Masefield, best known for his poem Sea Fever which so memorably expresses the romance of seafaring life, wrote this book in the centenary year of Trafalgar and it represents fairly well that stage of contemporary academic research into naval life.
The earlier unqualified glorification of Britain’s naval success had changed, in particular by acknowledging the tough conditions and awful punishments that ordinary sailors experienced. Masefield’s research reflects this. It is interesting therefore to naval historians as a period piece, since current research has once again moved on and tends now to use personal letters and close analysis of naval administration records, to set the sailors’ lives in a wider social and historical context.
That being said, much of Masefield’s material, e.g. about ship design and armaments, is entirely valid still and his descriptions of the routines of shipboard life are at once convincing and eloquent he is above all a poet and the book should also appeal to readers with general enthusiasm for this important era in naval history.

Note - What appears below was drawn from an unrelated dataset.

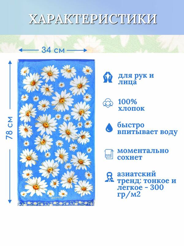 Полотенце BOLANGDE Япония 2026 РОМАШКИ - веселый цветочный принт для любителей замечательного летнего цветка - ромашка. Уникальные полотенца BOLANGDE от японской фабрики KUSUBASHI с запатентованным дизайном. Это значит, что такой рисунок не могут использовать другие бренды, а вы покупаете неповторимую оригинальную вещь. Коллекция махрово-велюровых полотенец ЯПОНИЯ торговой марки Bolangde (Боландже) произведена на японском оборудовании из 100% высококачественного хлопка с применением особо стойких японских красителей и закрепителей цвета, что позволяет использовать в одном изделии множество ярких цветов. Произведено на японском оборудовании. Внутренняя сторона - махра. Внешняя сторона - стриженная махра. В коллекции с цветами принтованная только внешняя сторона, внутренняя - гладкий белый хлопок. При производстве используются все последние Японские технологии, только натуральный хлопок и безвредные красители 4го уровня безопасности. Материал полотенец произведен из высококачественного хлопка, который проходит несколько стадий обработки по удалению мелких волокон, что позволяет получить мягкий и нежный ворс. Японские технологии дали возможность совместить пестротканое плетение, велюр, усиленную обшивку (оверлок), что позволяет им не расползаться и сохранить прекрасный внешний вид.. Подобная технология производстсва позволяет получить: - мягкие и комфортные к телу полотенца, - прочную ткань, которая выдерживает многочисленные стирки - стойкий цвет. - полотенца хорошо впитывают воду и при этом быстро сохнут. Каждая модель есть в четырех размерах, чтобы каждый мог выбрать полотенца согласно своим привычкам. Уже более ста лет, фабрика KUSUBASHI обеспечивает потребности трех поколений императорского двора Японии. Это существенный повод доверять качеству данной фабрики.

The book is well illustrated with many paintings, charts and cartoons, often with several lines of explanatory comment, though unfortunately none of this text has been included in the very basic index. There is a bibliography, and limited references providing some insight into Masefield’s sources.
The writing is accessible and moving, with great respect for the life of the sailor. The book, given its reasonable price, would be a welcome gift for maritime historians and those with a more general love of the sea.